Par rapport à cela, Mme von der Leyen a déclaré que l’objet de Global Gateway était d’« offrir des choix aux pays concernés — de meilleurs choix ». « Pour de nombreux pays de la planète, en effet, les options d’investissement sont non seulement limitées, mais soumises en outre à un très grand nombre de conditions, et parfois assorties d’un prix très élevé », a-t-elle expliqué.
« Parfois, c’est l’environnement qui paie le prix. Parfois, ce sont les travailleurs, qui se voient privés de leurs droits. Parfois, c’est de la main-d’œuvre étrangère qui est embauchée. Et parfois, la souveraineté nationale est compromise. Aucun pays ne devrait être confronté à une situation dans laquelle la seule option possible pour financer ses infrastructures essentielles consiste à hypothéquer son avenir », a-t-elle soutenu.
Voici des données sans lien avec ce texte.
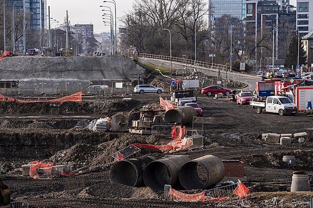Proměna pražského Libeňského mostu v nadcházejících týdnech postoupí z demoliční fáze do stavební. Na snímku staveniště. (30. ledna 2025)
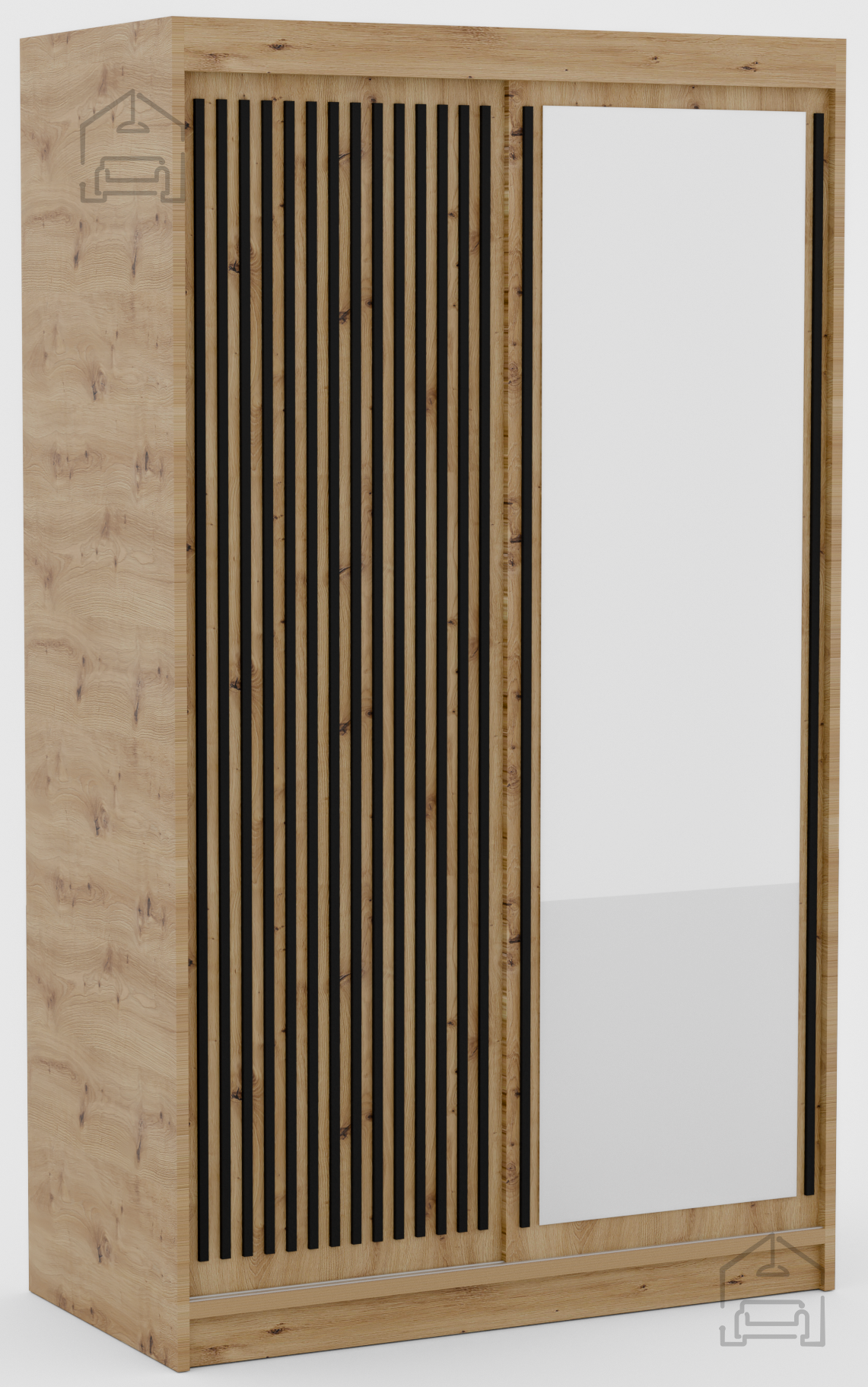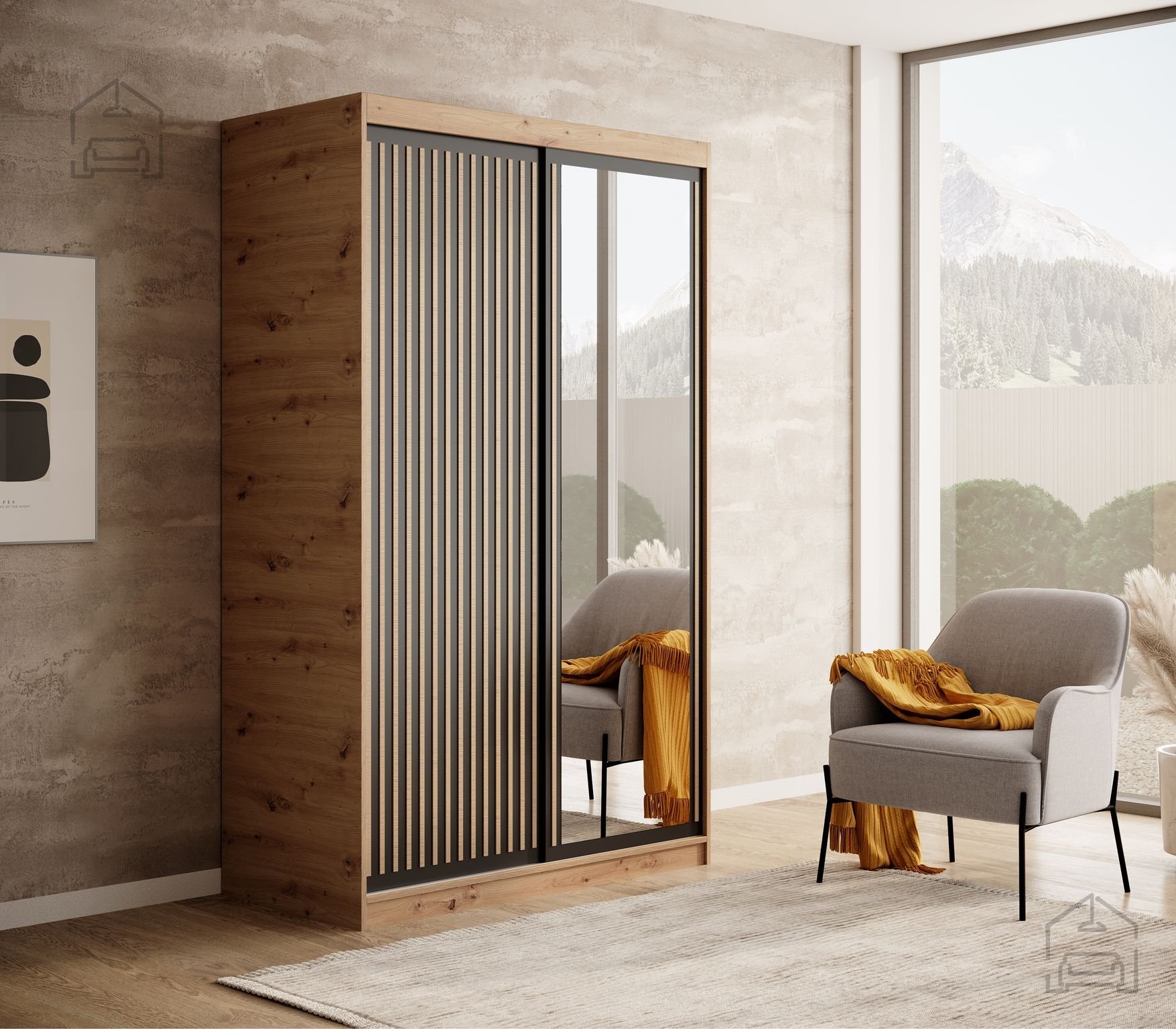 Mit den Maßen 120x60x205 cm nimmt der Schrank nicht viel Platz ein und bietet dennoch überraschend viel Stauraum. Die Schiebetüren lassen sich leicht bedienen und sparen Platz, da kein zusätzlicher Raum zum Öffnen benötigt wird. Der integrierte Spiegel an der Tür ermöglicht es Ihnen, Ihr Outfit im Handumdrehen zu überprüfen – ganz ohne separates Standspiegel.
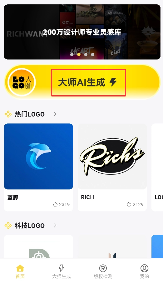 启动后,点击首页的“AI生成”按钮,即可进入智能LOGO设计界面。
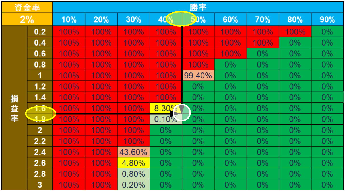 勝率をと損益率ともに掲載数値の間となるのでその周辺4つの数値を全て足して4で割ってみます。
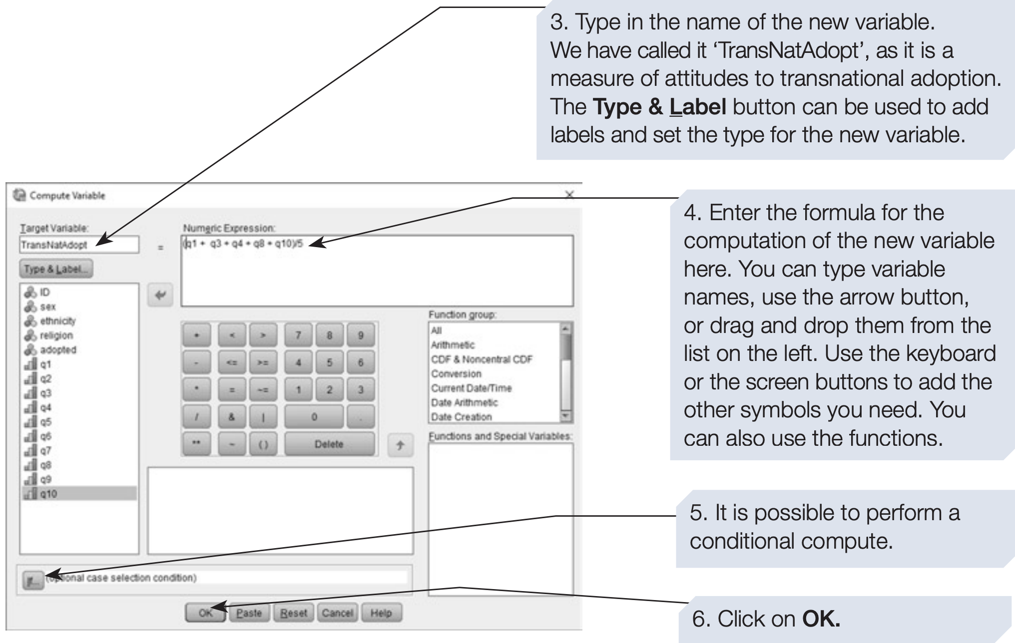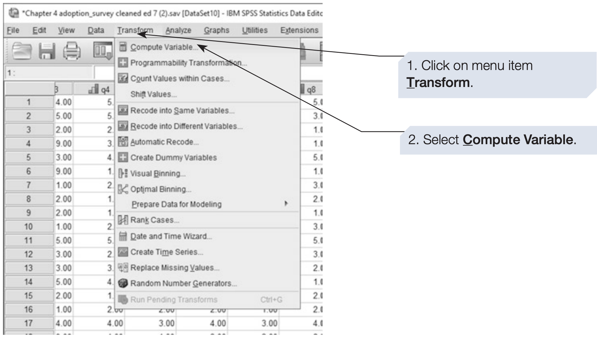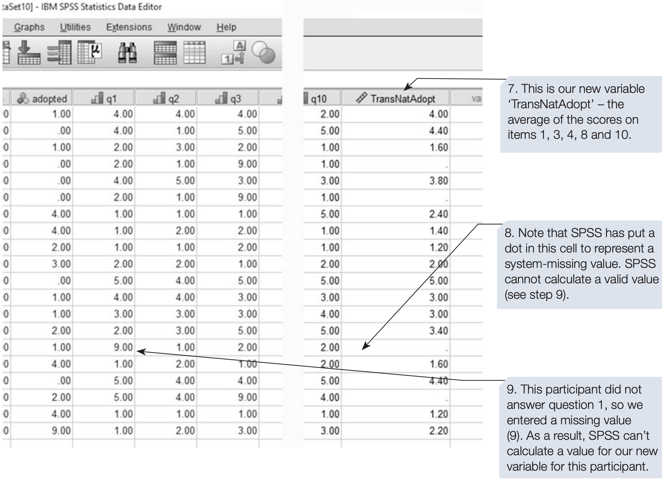 COMPUTE adopt_sub1 = SUM(q1 TO q5). COMPUTE adopt_sub2 = SUM(q6 TO q10). COMPUTE adopt_total_mean = MEAN(q1 TO q10). EXECUTE.

En marge du sommet, elle a également annoncé de nouveaux accords sur les matières premières essentielles avec la République démocratique du Congo et la Zambie, afin de réduire leur dépendance de chaque partie vis-à-vis des marchés de l’autre en termes d’offre et de demande.
« Nous parlons de plus en plus de la concurrence des offres, et pas seulement de la concurrence des récits », avait indiqué la commissaire européenne au Développement, Jutta Urpilaine, à Euractiv au début du mois.
Selon un responsable de l’UE, le fait que le premier forum Global Gateway ait rassemblé plus de 40 représentants gouvernementaux de haut niveau montre que cette stratégie « tient ses promesses », laissant entendre qu’il rivalise bien en termes de volume avec son homologue chinois.